# Aide utilisation Automator



## kawmal (17 Mars 2020)

Salut à tous,

je sollicite votre aide car je souhaite effectuer une tache automatique que je n’arrive pas à réaliser avec automator car je suis malheureusement très limité en connaissance informatique.
Je souhaite renouveler automatiquement des petites annonces sur un site internet et donc effectuer l’opération suivante:

Ouvrir la page internet (c’est ok)
temps d’attente avant la tache suivante (c’est ok)
(1, 2 et 3) accéder un par un à 3 zone de texte et y inclure un texte sur cette page (je cale!!! (j’image par touche « Tab »)
(4) ensuite cocher un bouton radio
(5) accéder à la page suivante (j’image par touche « entrer »)

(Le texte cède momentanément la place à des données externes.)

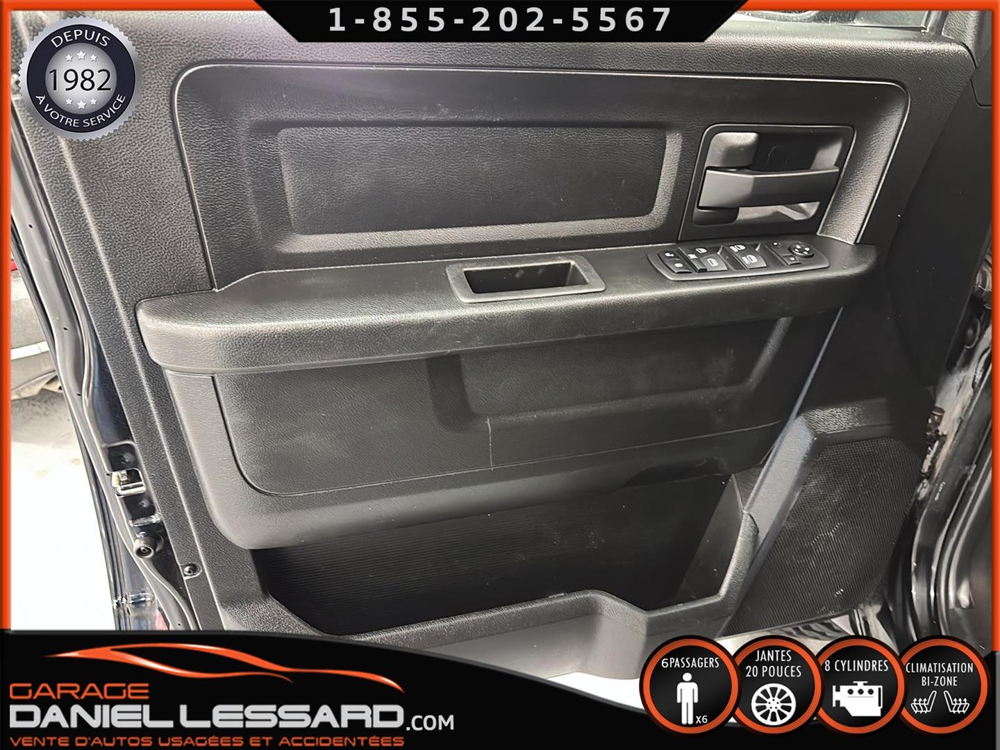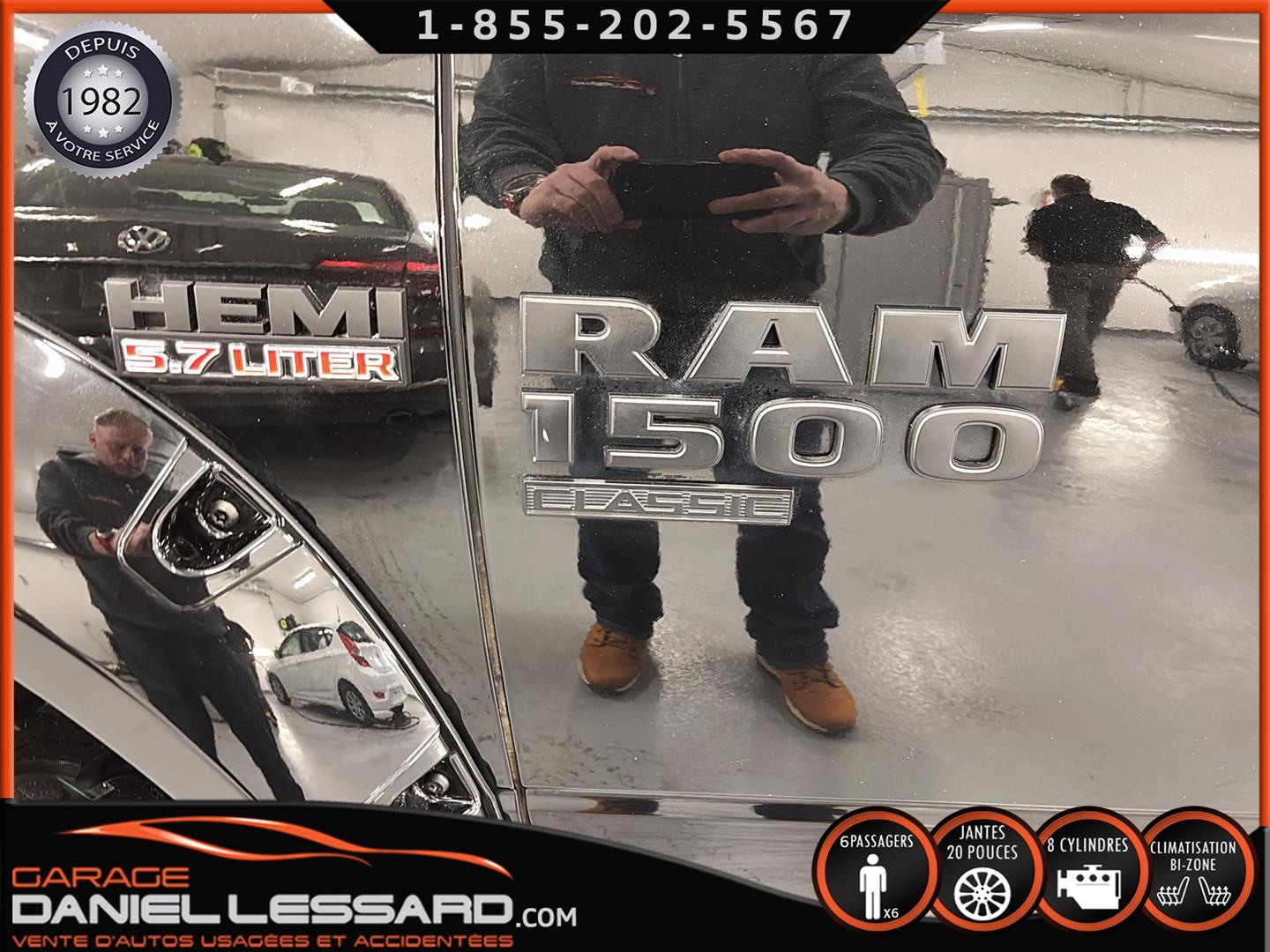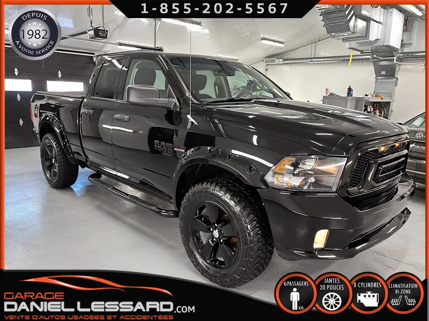 RAM 1500 CLASSIC EXPRESS QUAD CAB 4X4 NIGHT EDITION, DE COULEUR NOIR, MOTEUR V8 HEMI 5,7 L, TRANSMISSION AUTOMATIQUE TORQUEFLITE À 8 VITESSES, AVEC 120073KM GROUPE ÉLECTRIQUE, CAMION 6 PLACES AVEC CONSOLE 40-20-40 MARCHEPIEDS LATÉRAUX TUBULAIRES NOIRS ARIES, ÉCRAN TACTILE DE 8,4 POUCES, CLIMATISATION AVEC RÉGLAGE AUTOMATIQUE BI-ZONE, APPLE CARPLAY, ANDROID AUTO, CAMÉRA DE RECUL PARKVIEW, ATTELAGE REMORQUE AVEC FILAGE 4 ET 7 BRINS MUNIE AUSSI DE LA BOITE DE FREIN ÉLECTRIQUE DE CIE , NOUS AVONS JUSTE UNE CLÉ, PETIT LEVELIG KIT, TOUR D'AILE POCKET STYLE PEINT, PROTÈGE ROCKER HUSKY, SPACER DE ROUE, MAG 20 POUCE GRIS AVEC CAP NOIR LUSTRÉ AVEC SUR PNEUS HOMOLOGUER GRENLANDER PREDATOR M/T 35X12.50R20LT,
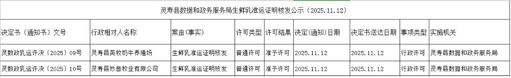 灵寿县数据和政务服务局生鲜乳准运证明核发公示(2025.11.12)
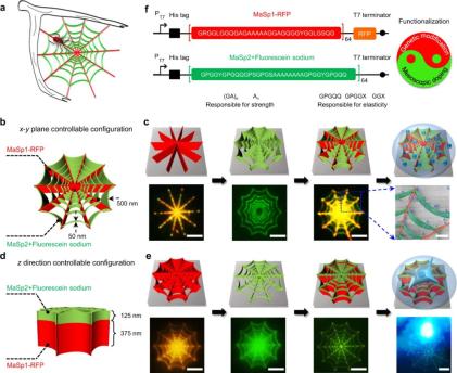 重組蛛絲蛋白的基因或介觀修改可以賦予 3 D 納米組件和納米器件不同的功能。得益于合理的設(shè)計和獨創(chuàng)性,蛛絲可以從不同的角度進行重組,并且 3D 納米結(jié)構(gòu)的組成、形狀和功能能夠得到很好地配置。這就為使用 3D EBL 制造的功能性重組蛛絲蛋白中構(gòu)建異質(zhì)、分層的納米結(jié)構(gòu)提供了可能。
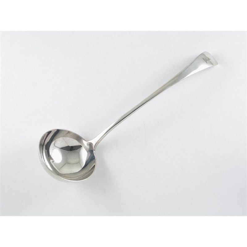 An Edwardian soup ladle, crested, by Jackson & Fullerton, London 1903, 12.75in (32.4cm) long, 9.5oz.
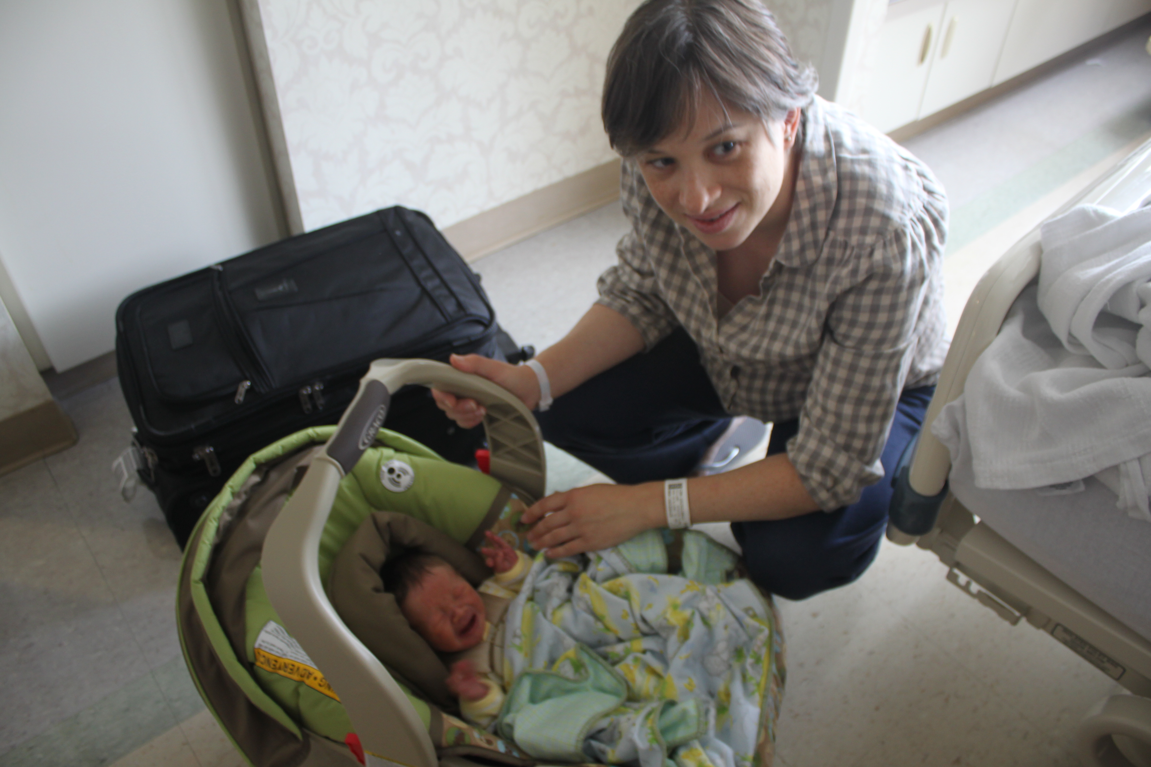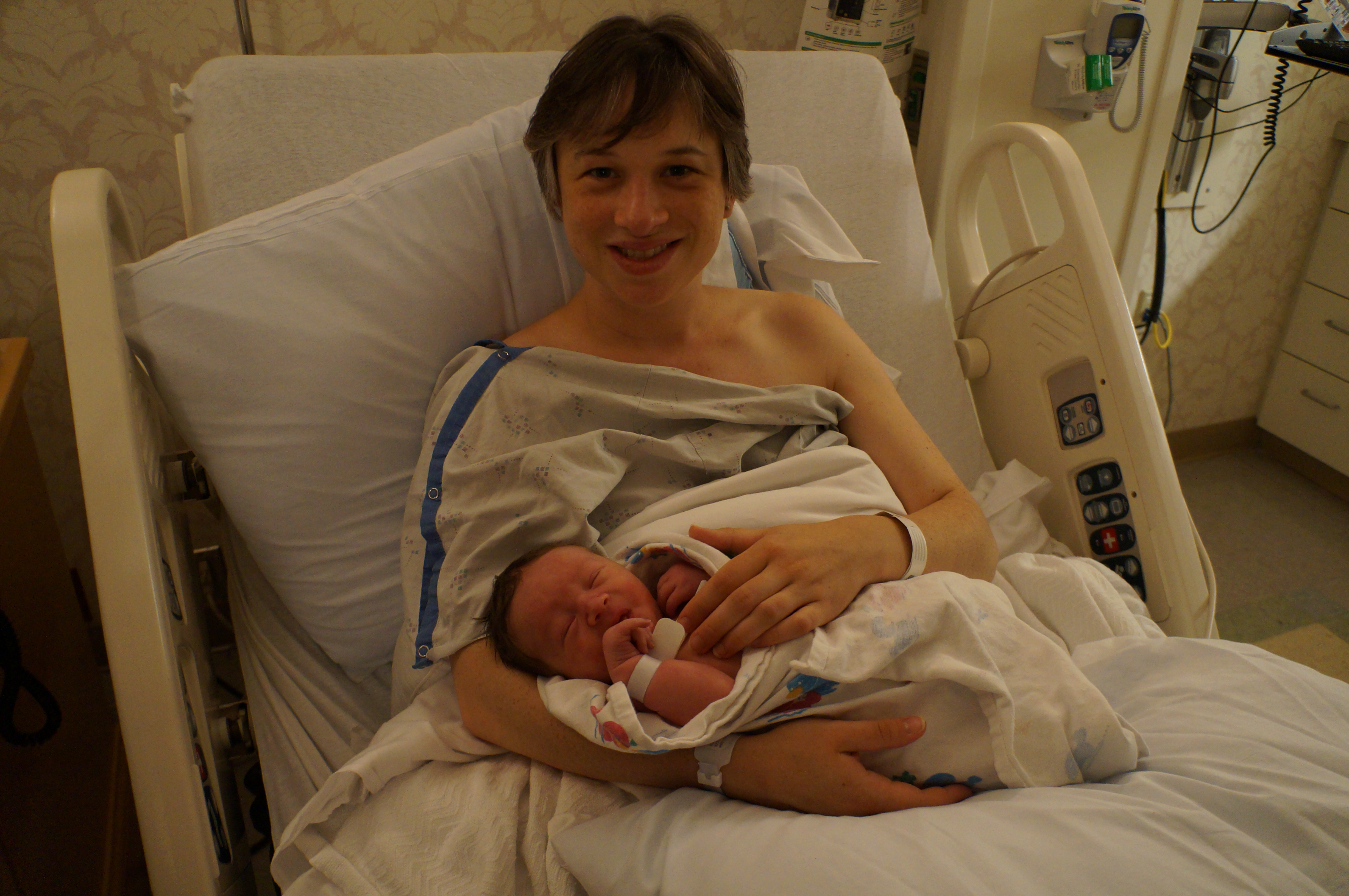 If I sound dramatic now, you should have heard me during my contractions… Anyway, at least it was short! I don’t know how long I should say I was actually in labor. I worked the night of the 15th and started having more consistent contractions the morning of the 16th before I left work. I slept that day and was having fairly painful contractions and back pain in the evening, but I didn’t want to get too excited about it. I couldn’t sleep that night but I was still on a night schedule anyway. I used a contraction timer app to time contractions most of the night just to entertain myself, and they were consistently 3-4 minutes apart but I still didn’t think I was in labor. At 2:30am I thought my water might have broken (it probably didn’t) but I didn’t want to wake anybody up so I waited until 5:30am and called the midwife on call at the hospital, who told me to keep monitoring things and call back in an hour, so I woke A. up and told him the plan, and in that hour suddenly it started to get serious. By 6:30 I was doubled over with the contractions and called and said we were coming in, even though I was still afraid I was leaving the house too soon.
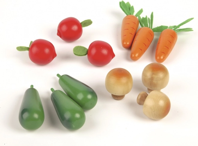 Sada obsahuje výber obľúbenej zeleniny – mrkvu, cuketu, paradajku a huby – uložené v odolnej drevenej prepravke. Všetko je starostlivo vyrobené z kvalitných a zodpovedne získaných materiálov, bezpečných pre detskú hru.
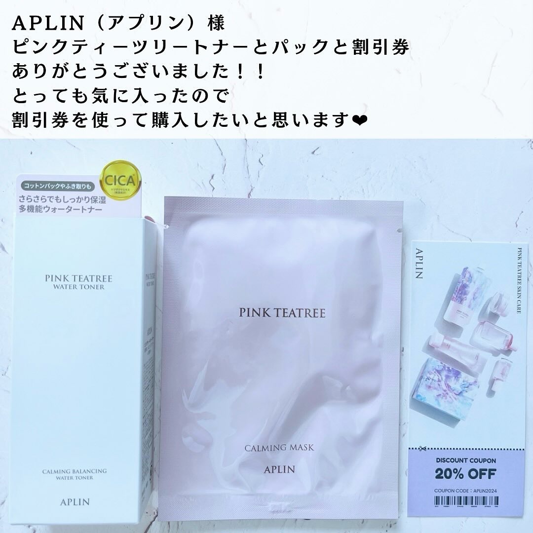APLINピンクティーツリートナーピンクツリー&シカ成分➡️素早い鎮静効果ビフィダ発酵ろ過&発酵溶解物➡️ニキビ等で荒れた肌を健康的に保湿強化➕鎮静ビタミンB12成分がピンク色を持つビタミンの1つなのでピンク色は有害な人口色素は使用❌さっぱり...
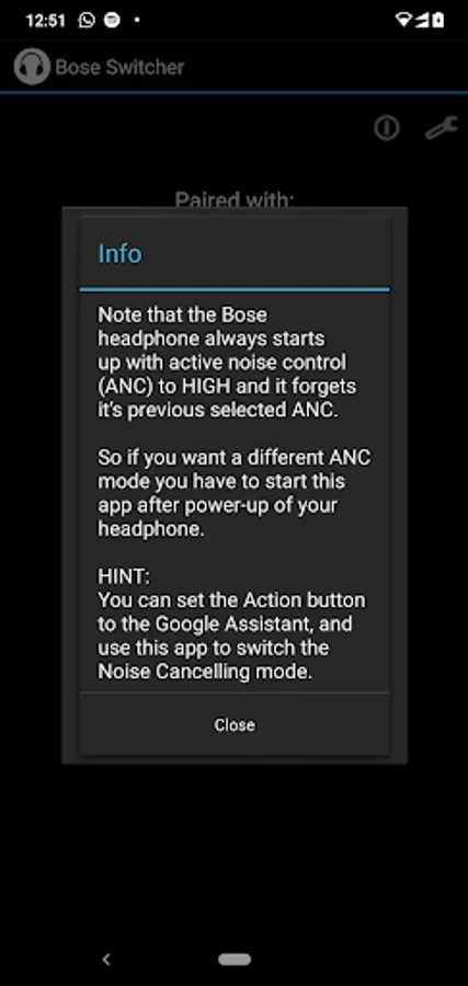Note3: This app sets the noise cancelling level temporary on QC. Noise canceling will be enabled next time when turn on your headphone or when you press action / noise control button on your headphones. You can set the Action button to the Google Assistant, and use this app to switch the Noise Canceling level.
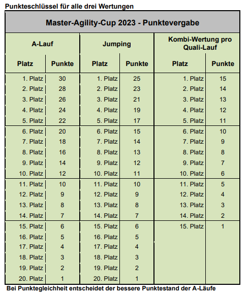 • Rang 1 - 25 Punkte, Rang 2 - 22 Punkte, Rang 3 19 Punkte, Rang 4 17 Punkte, Rang 5 16 Punkte usw. Punkte nur für Wertnote V (<5,99 Fehlerpunkte)
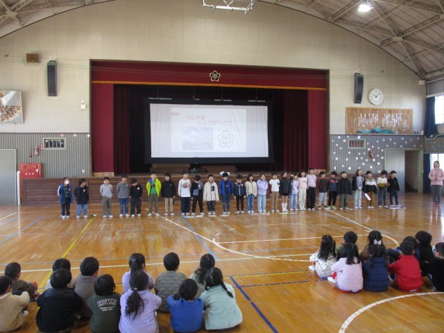 1年生は、幼稚園、保育園の年長さんとの交流会をしました。年長さんたちは、4月から1年生になるので、牛山小の校歌を歌ったり、勉強を紹介したりしました。最後にみんなでじゃんけん列車をして遊びました。はじめは緊張のようすだった年長さんたちも、だんだんと笑顔になり、じゃんけん列車ではすっかり仲良くなれた様子でした。この日のために、みんなで準備や練習をしてきたので、年長さんに喜んでもらえてうれしかったです。4月からは2年生として、1年生をお世話していきましょう。
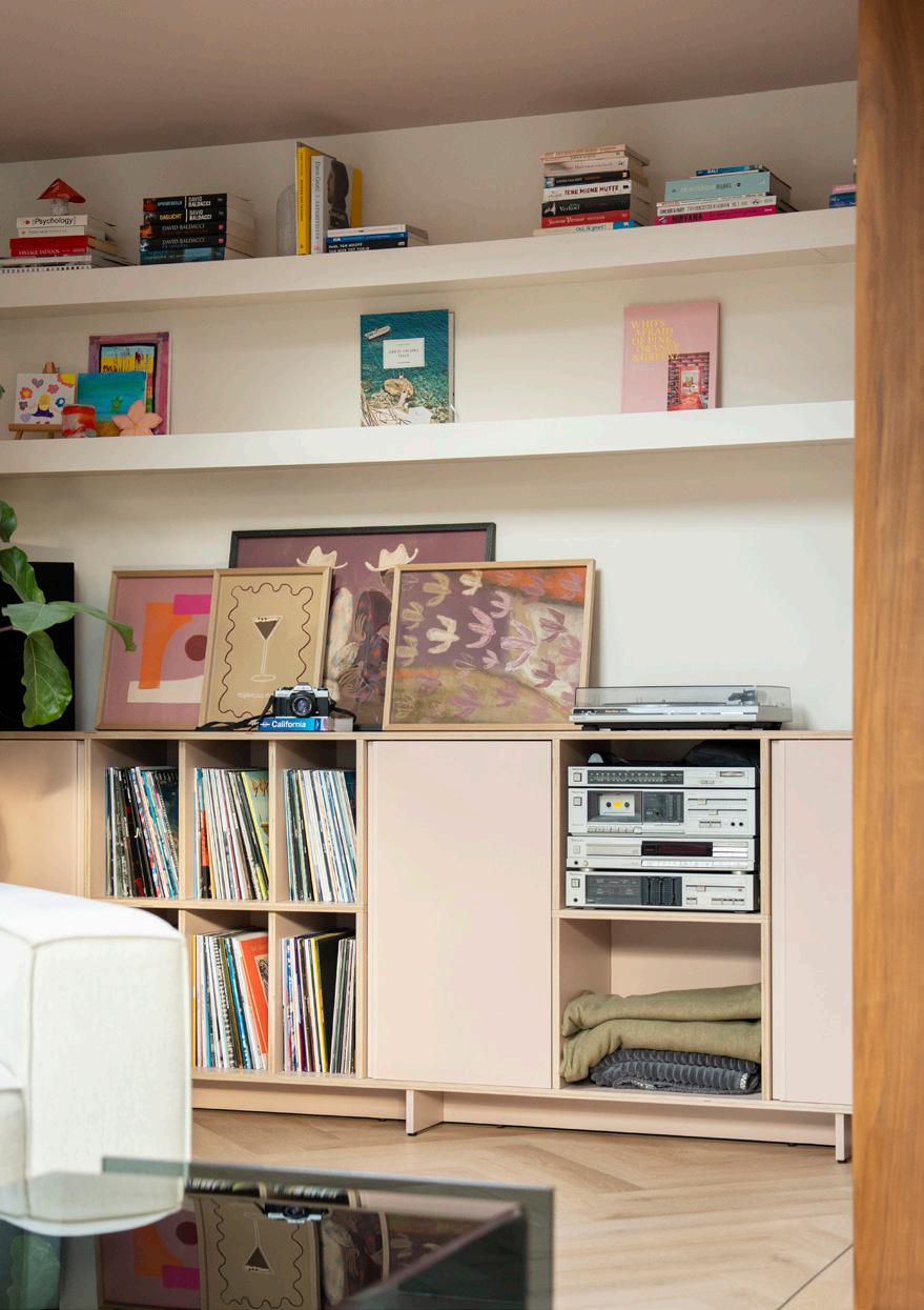 The pink ceiling was painted to match the colour code of the sideboard. Everything in between is a collection of vinyl records, books, and the kids’ crafts. There was just enough room on the sideboard for a few art prints that blend perfectly with my pink theme at home.

Merci d’avance pour votre aide!


----------



## kawmal (18 Mars 2020)

Bon j’y ai passé la nuit mais maintenant je connais toutes les touches afin de me déplacer dans Safari sans la Souris.

Maintenant il me reste que 2 choses à savoir afin de pouvoir faire mes tâches:


Comment faire pour qu’Automator ce déplace de zone en zone (par la touche Tab) dans Safari (sans passer par le mode enregistrement)
Comment une fois le curseur dans une zone y coller un texte pré indiqué dans Automator.


----------